If you’re using a consumer board, though, you might want to check that it’s not overclocked. Our QA labs use cards with the standard clocks, and some people on these boards have reported CUDA problems on overclocked cards.

This isn’t an issue of it being different from the CPU implementation (that much is all but guaranteed), the problem is we’re getting slightly different results for the same inputs somewhere in our CUDA version of that algorithm (I’m yet to have the time to whittle my way down to figure out ‘exactly’ what’s coming out wrong) - I just wanted to check if it was potentially an issue or not.

I’m guessing it’s something to do with OpenGL in that case (our CUDA accelerated implementation also uses hardware accelerated OpenGL, as opposed to Mesa w/ our CPU implementation) - which is the only other change made to this implementation.

Nothing is overclocked manually, nor came overclocked (like some GPUs).

Thanks for the boost of confidence though, 2+ years of regression tests on hundreds of machines is encouraging.

We run the algorithm over a video stream multiple times, taking checksums of all core variables for each frame - and compare the checksums between each run of the video stream. Thus if any variable is off by even a single bit, the checksum will be radically different.

For our CUDA accelerated algorithm implementation, it differs from itself specifically around the CUDA/OpenGL related code segments (CUDA calculates various variables which are used in OpenGL rendering later on (texture coordinates / transformation matrices, etc).

Edit: Fixed quote.

Well then you’re definitely going to see different results every time. Using DirectX and OpenGL with the exact same resolution, shader, mesh, and transformation matrices won’t even give you the exact same image due to very fine subtleties in the graphics driver. There are small differences in things like fragment center coordinates and things of that nature that can affect the final output of the rasterization. If you’re trying to get a pixel perfect reproduction using h/w accelerated opengl vs. software rendered Mesa you’re basically on a fool’s errand.

Just to give you one quick example that I know with absolutely certainty Mesa is doing perspective correction every fourth pixel when rasterizing (without hardware interpolation units this saves costly reciprocal calculations at each pixel and allows linear interpolation of vertex attributes at most pixels) whereas the GPU will do this every pixel.

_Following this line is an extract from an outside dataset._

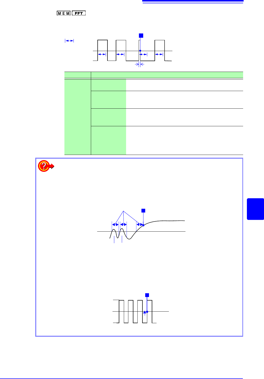 8.3 Triggering by Analog Signals 196 Description About period range settin gs The period ra nge settings for period triggering depend on the sampling per iod (sampling rate). (Cha nging the timebase also chan ges the per…

You MIGHT be able to try to reduce the differences by fine tuning rendering settings (for instance, if Mesa has an equivilent of setting the perspective correction high quality hint) but I very seriously doubt you’ll eliminate all the differences.

If you want to ensure the results are the same I suggest comparing the absolute differences in your floating point input data (your transformation matrices and the like) rather than checksumming or comparing the output video.

Our unit tests say otherwise, as would my experience with OpenGL - it’s naturally expected that we get different results with different cards/drivers, but the resulting rastered image should be (and out unit tests prove this to be the case for a wide variety of renders (using a wide variety of OpenGL features & extensions), passing on two build servers with different cards (one nVidia the other AMD)) identical given the exact same inputs, on the exact same card, with the exact same state setup - or atleast that’s proven to be the case for the past few years.

Edit: I should note we don’t use shaders (at all) in our codebase, so I can’t comment on that - but again, with the same card/driver/state settings, I would expect the output to be deterministic unless the shader was using the random functions, or time-based variables, etc…

Well yeah, for one API. OpenGL like DirectX provides OEMs with a reference specification and they must follow it precisely so that the API will behave consistantly on all hardware. What I mean is good luck getting the exact same pixel for pixel image using 2 different APIs like DirectX vs OpenGL, or Mesa vs. OpenGL, however similar they may be in Mesa’s case.